Una bella contraddizione in termini, che la giornalista del New York Times Julia Chaplin individua come stile di vita dei cosiddetti gypsetters, artisti, designer e bon vivants che vivono e lavorano in giro per il mondo, spostandosi da un luogo all’altro frequentemente. La Chaplin ha scritto addirittura un libro intitolato proprio Gypset Style, che racconta le vite di questi zingari dell’alta società, le loro abitudini e i luoghi in cui si incontrano.
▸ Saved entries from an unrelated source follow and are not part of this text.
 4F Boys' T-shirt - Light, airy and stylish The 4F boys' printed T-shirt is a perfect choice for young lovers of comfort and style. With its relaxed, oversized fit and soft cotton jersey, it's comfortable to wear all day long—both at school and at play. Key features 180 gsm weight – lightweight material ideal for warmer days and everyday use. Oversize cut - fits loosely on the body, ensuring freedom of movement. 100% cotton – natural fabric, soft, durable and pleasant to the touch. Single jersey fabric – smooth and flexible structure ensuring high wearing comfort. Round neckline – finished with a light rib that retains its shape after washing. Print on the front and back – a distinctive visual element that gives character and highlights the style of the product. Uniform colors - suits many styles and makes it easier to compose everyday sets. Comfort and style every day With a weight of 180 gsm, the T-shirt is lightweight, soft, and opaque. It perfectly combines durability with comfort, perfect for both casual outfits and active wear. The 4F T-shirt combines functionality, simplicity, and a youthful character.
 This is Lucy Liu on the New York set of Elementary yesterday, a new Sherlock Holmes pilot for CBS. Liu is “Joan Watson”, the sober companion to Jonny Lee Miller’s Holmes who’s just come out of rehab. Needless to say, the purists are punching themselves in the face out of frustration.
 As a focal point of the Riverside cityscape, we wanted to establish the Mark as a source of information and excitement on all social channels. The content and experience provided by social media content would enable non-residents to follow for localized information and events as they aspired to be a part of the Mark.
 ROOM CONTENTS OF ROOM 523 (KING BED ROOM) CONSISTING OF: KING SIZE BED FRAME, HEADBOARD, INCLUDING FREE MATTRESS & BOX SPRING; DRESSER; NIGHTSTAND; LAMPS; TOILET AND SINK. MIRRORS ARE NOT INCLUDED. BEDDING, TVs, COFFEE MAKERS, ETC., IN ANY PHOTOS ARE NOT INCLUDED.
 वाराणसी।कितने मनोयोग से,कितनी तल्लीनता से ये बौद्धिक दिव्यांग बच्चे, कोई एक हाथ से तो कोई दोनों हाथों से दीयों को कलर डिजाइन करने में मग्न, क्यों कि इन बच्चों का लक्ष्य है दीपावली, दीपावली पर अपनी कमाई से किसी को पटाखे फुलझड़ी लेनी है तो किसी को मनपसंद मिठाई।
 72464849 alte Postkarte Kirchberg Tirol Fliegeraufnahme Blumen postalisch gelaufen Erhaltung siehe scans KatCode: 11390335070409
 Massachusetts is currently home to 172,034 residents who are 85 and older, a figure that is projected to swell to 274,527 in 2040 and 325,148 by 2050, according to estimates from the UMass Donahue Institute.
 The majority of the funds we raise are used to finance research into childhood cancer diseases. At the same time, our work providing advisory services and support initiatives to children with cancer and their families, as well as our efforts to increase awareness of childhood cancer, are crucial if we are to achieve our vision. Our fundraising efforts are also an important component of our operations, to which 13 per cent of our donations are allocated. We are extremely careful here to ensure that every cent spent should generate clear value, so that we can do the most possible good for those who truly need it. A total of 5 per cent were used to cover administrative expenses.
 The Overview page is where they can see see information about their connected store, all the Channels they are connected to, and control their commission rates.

Ammetto che si tratta di un modo di vivere molto lontano da quello usuale per la maggior parte di noi, che al massimo facciamo un viaggetto durante le ferie e prendiamo il treno solo da pendolari. Possiamo comunque prendere spunto dallo stile cosmopolita e contaminato di questi beatnik contemporanei, per riassortire i nostri look.

Lo spirito dei gypsetter è quello dei giramondo, che acquistano capi ai quattro angoli del globo e li assemblano in maniera rilassata e apparentemente casuale.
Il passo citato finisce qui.